Retype, word for word, the line holding "Design Nachttisch Kommode" and each line after it down to the end of the data; pictures are not copied.

* MATERIAL SHOWN
....
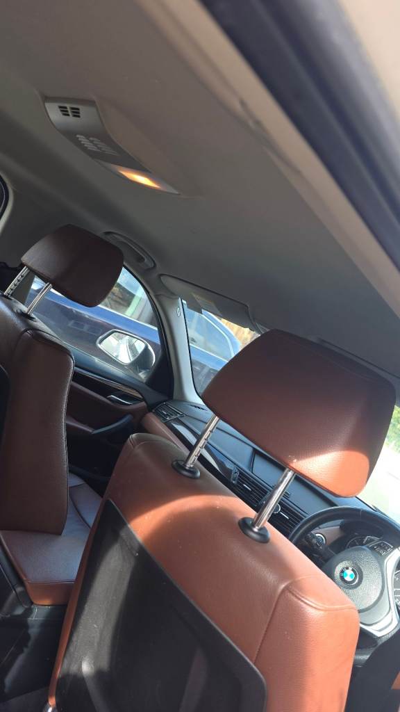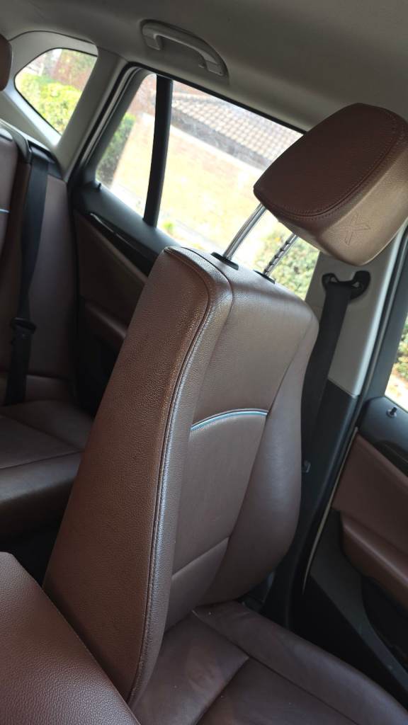 The interior features brown leather xLine, which is enhanced by blue stitching on the brown leather seats.
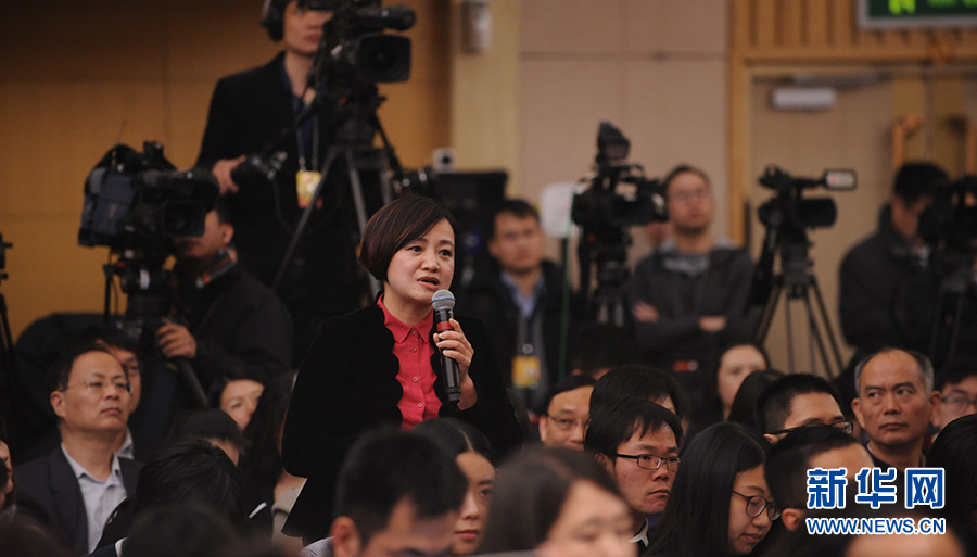 ?????十二屆全國人大四次會議新聞中心于3月12日(星期六)14時30分在梅地亞中心多功能廳舉行記者會,邀請國務(wù)院國有資產(chǎn)監(jiān)督管理委員會主任肖亞慶、副主任張喜武、副主任黃丹華和副秘書長、新聞發(fā)言人彭華崗就“國企改革”的相關(guān)問題回答中外記者的提問。圖為中央電視臺記者提問。新華網(wǎng)/中國政府網(wǎng) 陳杰 攝
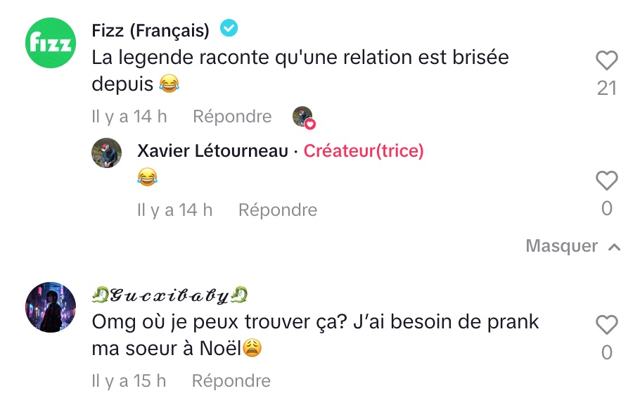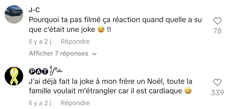 Pendant tout ce temps, Xavier joue le jeu à fond, faisant semblant que le gain est réel, même s’il sait très bien que le billet est truqué. Dans les commentaires, les internautes sont partagés : certains trouvent la blague vraiment méchante, d’autres la trouvent hilarante. On peut lire : « C’est vraiment pas correct faire ça », « On veut voir la suite », ou encore « Il a dû dormir sur le sofa cette nuit 😂 », et « Tellement pas correct, mais tellement drôle ».
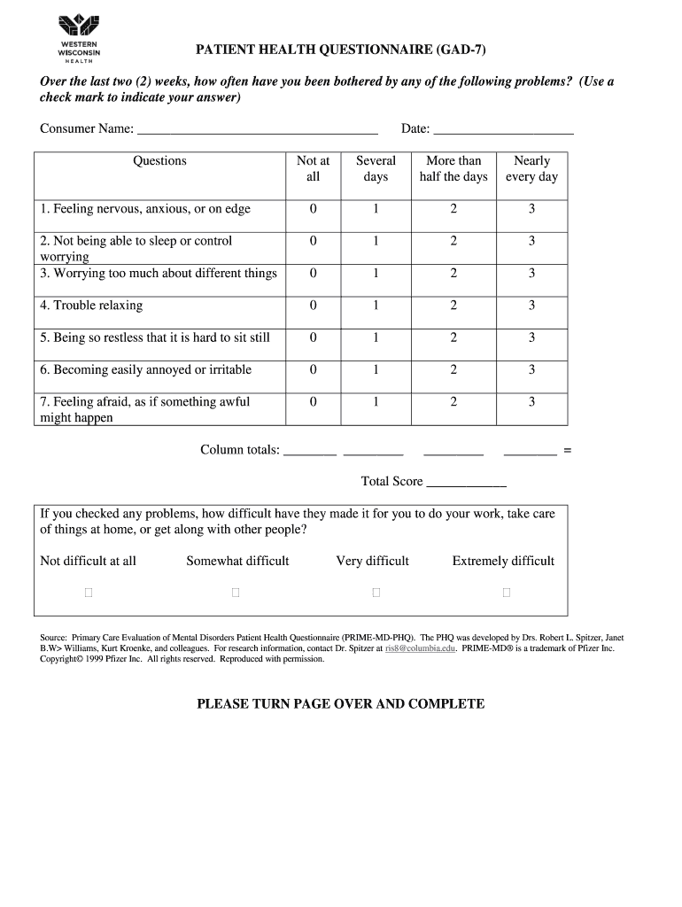 Get the free PATIENT HEALTH QUESTIONNAIRE (GAD-7)
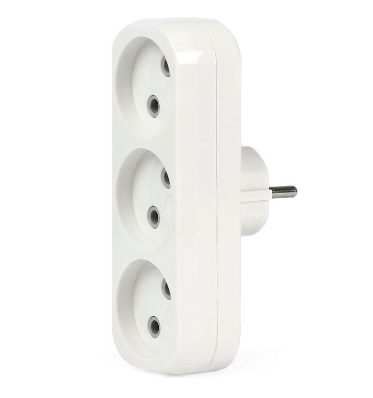 Тройник Smartbuy 10А б/з плоский белый (100)
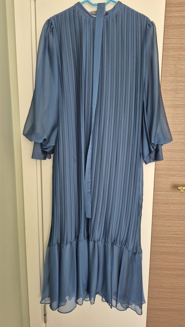 Mavi renkte, pilili detaylara sahip uzun ve bol kesim kadın elbisesi. Sentetik kumaştan, askılı kollu ve yüksek yakalı, desensiz tasarım, ofis için uygun.
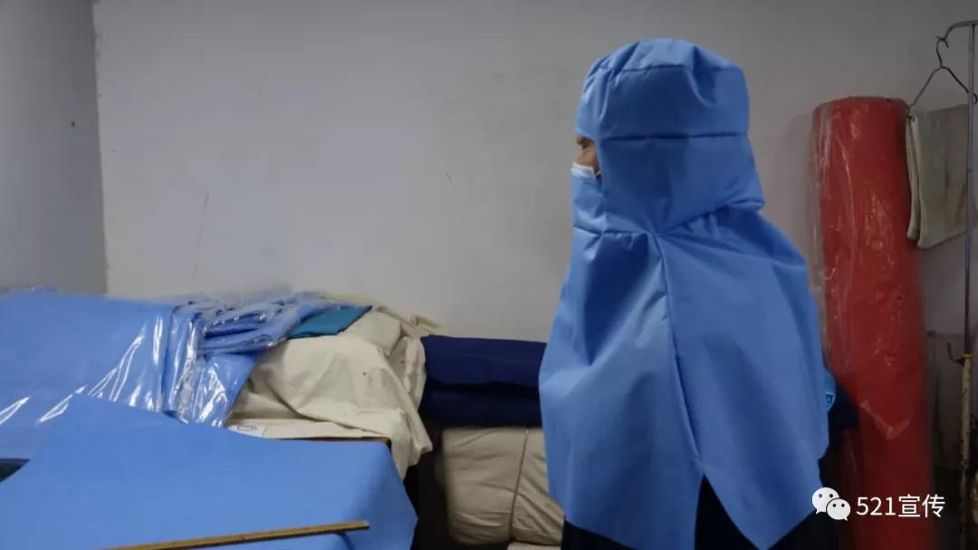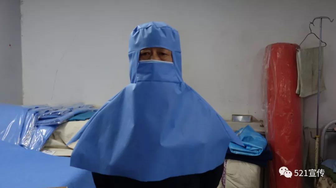 1月30日晚,后勤保障處張小林、聶鳳芝等立即忙碌起來,從設計、剪裁再到縫紉都是“純手工原創”,很快醫用防護所使用的頭套就加工出來。經醫院疫情防控指揮部人員驗收,防護頭套適用性很強,基本可以滿足防護需要。指揮部要求連夜加工20套,送至一線,聽取大家意見、再修改,定型后大批量加工配至一線。為盡快提供給一線試戴,張小林、聶鳳芝等同志一夜未眠,20套防護頭套第二天一大早就交付到了一線醫護人員手中。
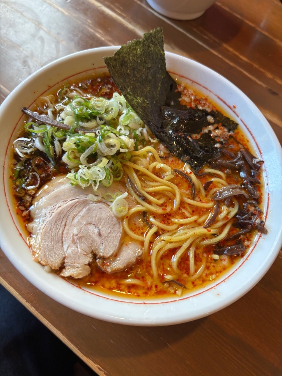 すみません、2回くらいかき混ぜてしまいましたー🥹札幌市南区藤野にある、マイホームタウンにある美味しい人気店です♪大辛は、旨辛いレベルでした。さらに上が激辛、超激辛がある様です😊ちなみに、藤野ザンギは必食です‼️
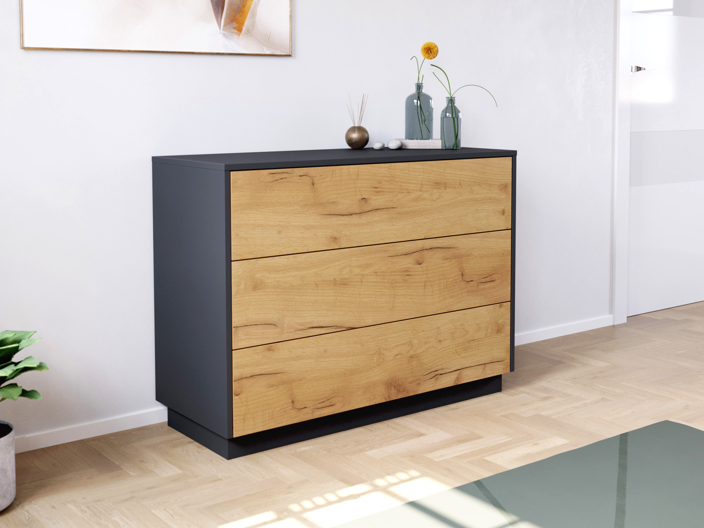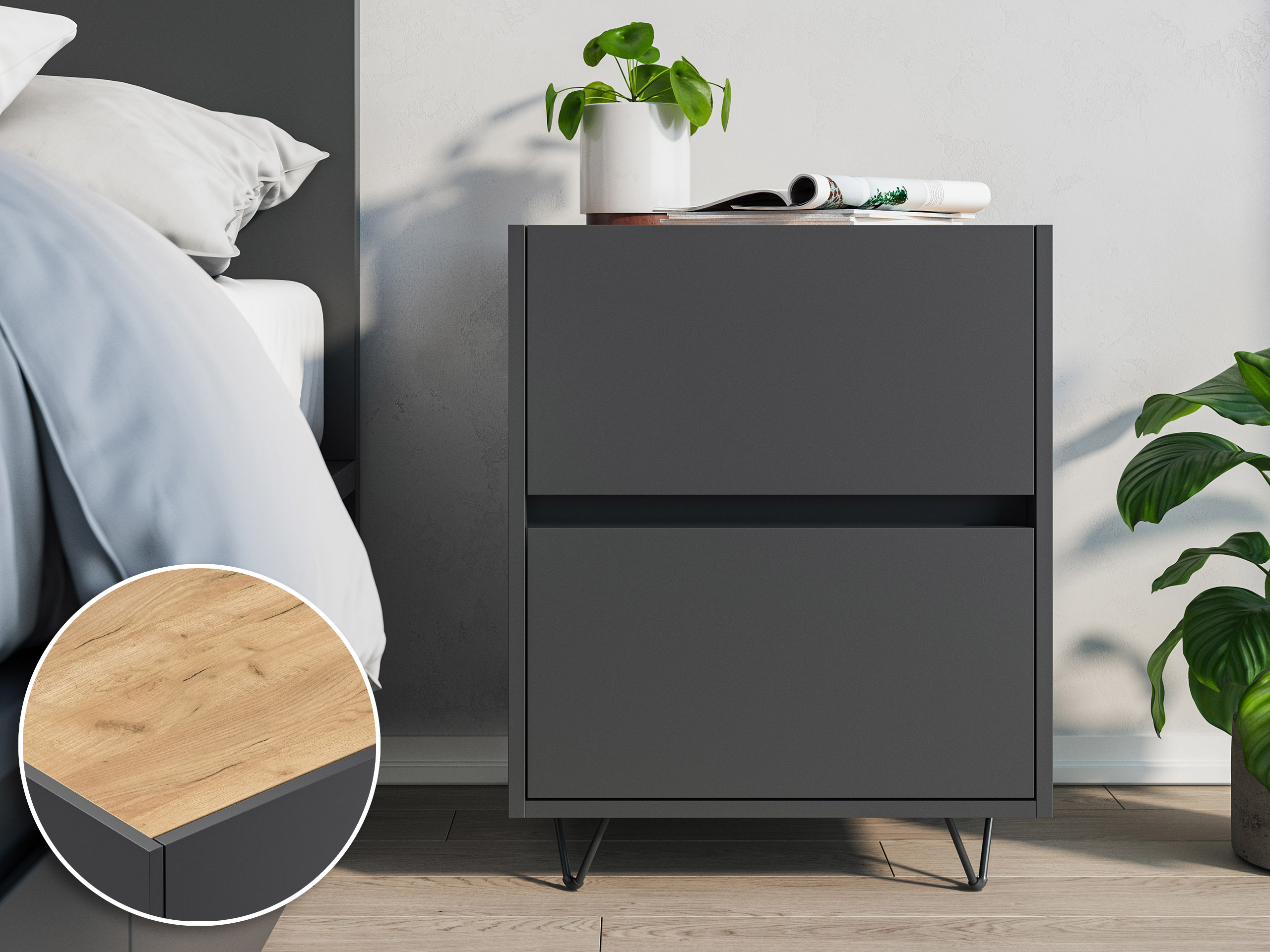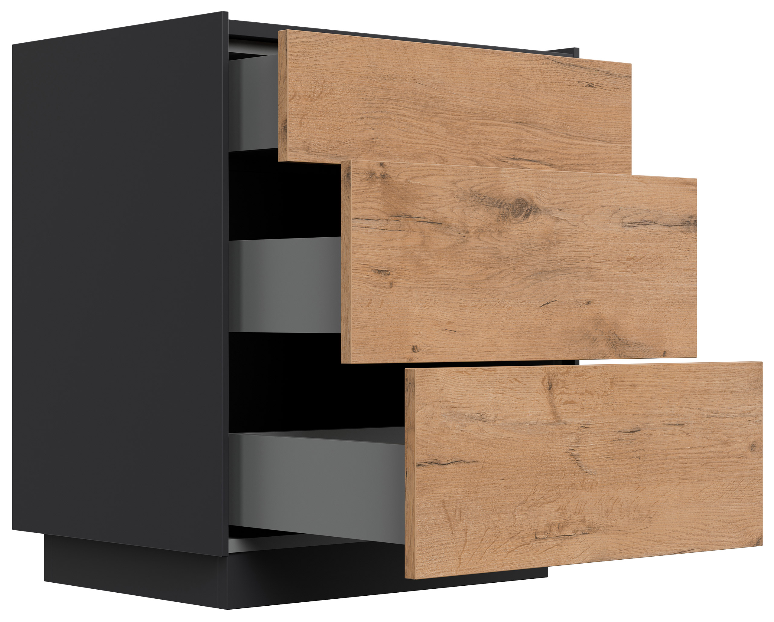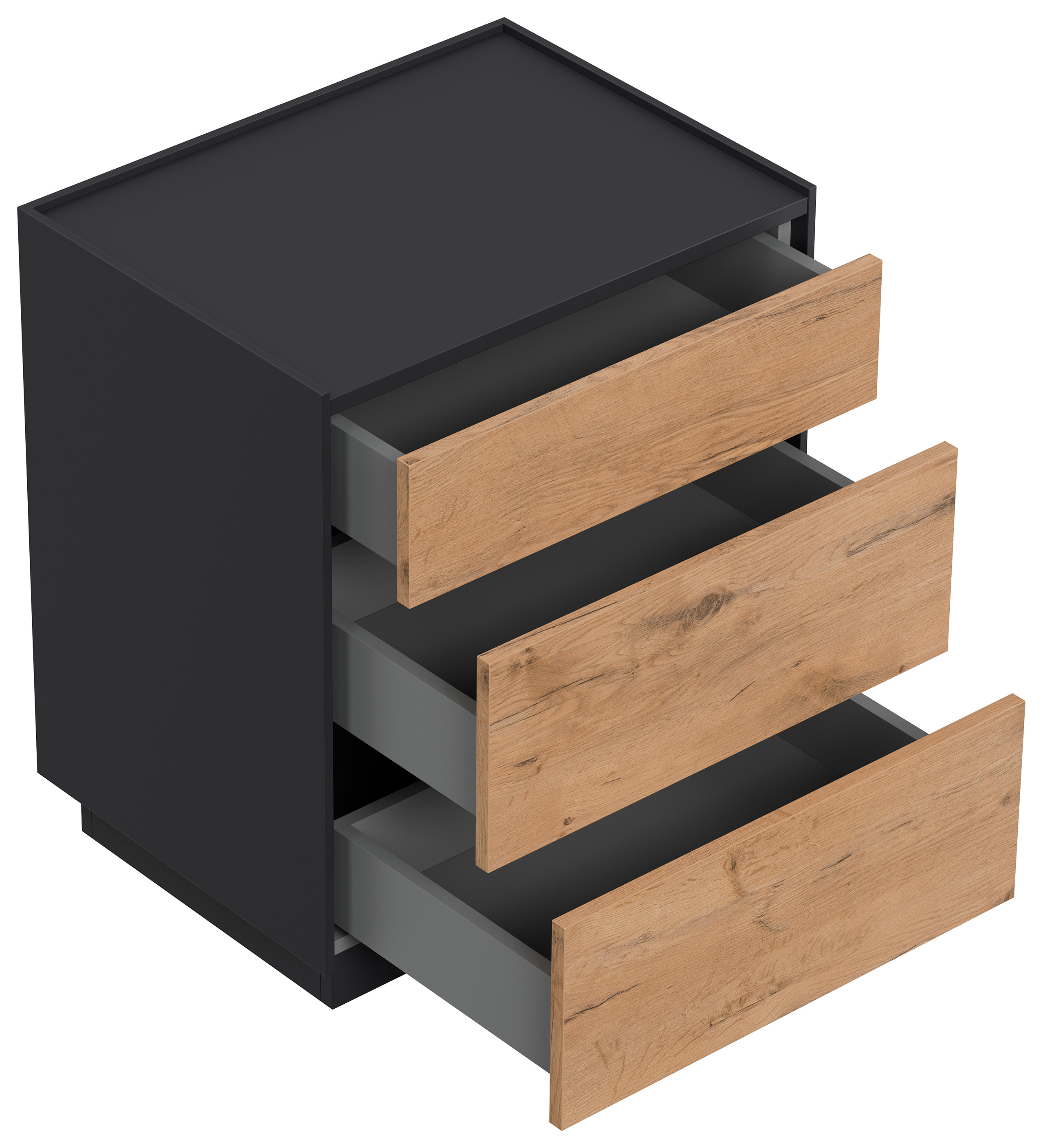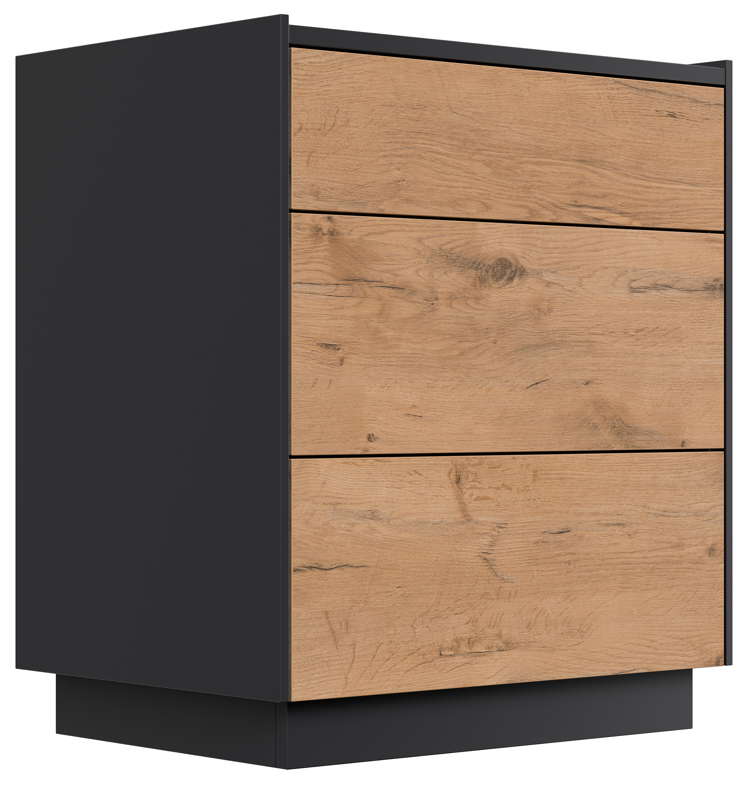 Design Nachttisch Kommode Lux L 60cm, 3 Pushauszüge Oak
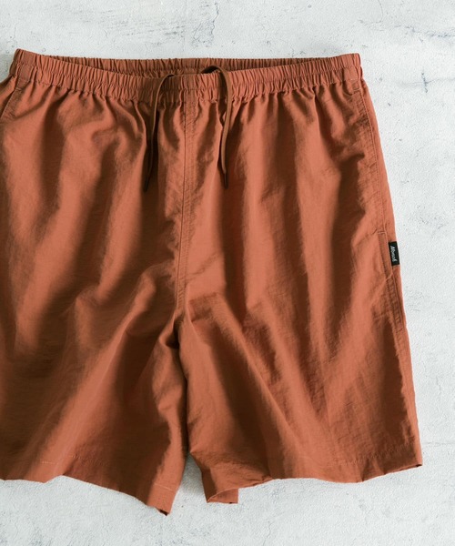 このアイテムはWEB限定商品です。 これからの季節に様々なシーンで活躍するナイロン素材のイージーショーツ。 撥水性のあるナイロン素材は耐久性も強く、アクティブなシーンでも安心して穿いていただけます。 水場での着用はもちろんのこと、街着としてデイリーユースで活躍できるシンプルなデザイン、またおしゃれに穿きこなせるニュアンスカラーを乗せました。 ウエストは総ゴム+ドローコードをあしらっており、家着としての着用もおすすめ。シワが目立ちにくい素材で、ワンマイルウェアとして汎用性の高い一着に仕上がっています。 ※この商品は素材の特性上、長時間日光に当たったり、汗・水・摩擦等により色落ち・色移りをする恐れがありますので、ご着用・洗濯などの際は、充分にご注意ください。 ※この商品は、素材の特性上、洗濯の際多少縮むことがあります。 ※その他お取り扱いに関しましては、商品に付属のアテンションタグをご覧ください。 ※商品画像は、光の当たり具合やパソコンなどの閲覧環境により、実際の色味と異なって見える場合がございます。予めご了承ください。 ※商品の色味の目安は、商品単体の画像をご参照ください。素材感 透け感:なし 伸縮性:なし 裏地:なし 光沢:ややあり ポケット:あり XLLM
....
* SOLUTION FOR THIS EXERCISE
 Design Nachttisch Kommode Lux L 60cm, 3 Pushauszüge Oak
 このアイテムはWEB限定商品です。 これからの季節に様々なシーンで活躍するナイロン素材のイージーショーツ。 撥水性のあるナイロン素材は耐久性も強く、アクティブなシーンでも安心して穿いていただけます。 水場での着用はもちろんのこと、街着としてデイリーユースで活躍できるシンプルなデザイン、またおしゃれに穿きこなせるニュアンスカラーを乗せました。 ウエストは総ゴム+ドローコードをあしらっており、家着としての着用もおすすめ。シワが目立ちにくい素材で、ワンマイルウェアとして汎用性の高い一着に仕上がっています。 ※この商品は素材の特性上、長時間日光に当たったり、汗・水・摩擦等により色落ち・色移りをする恐れがありますので、ご着用・洗濯などの際は、充分にご注意ください。 ※この商品は、素材の特性上、洗濯の際多少縮むことがあります。 ※その他お取り扱いに関しましては、商品に付属のアテンションタグをご覧ください。 ※商品画像は、光の当たり具合やパソコンなどの閲覧環境により、実際の色味と異なって見える場合がございます。予めご了承ください。 ※商品の色味の目安は、商品単体の画像をご参照ください。素材感 透け感:なし 伸縮性:なし 裏地:なし 光沢:ややあり ポケット:あり XLLM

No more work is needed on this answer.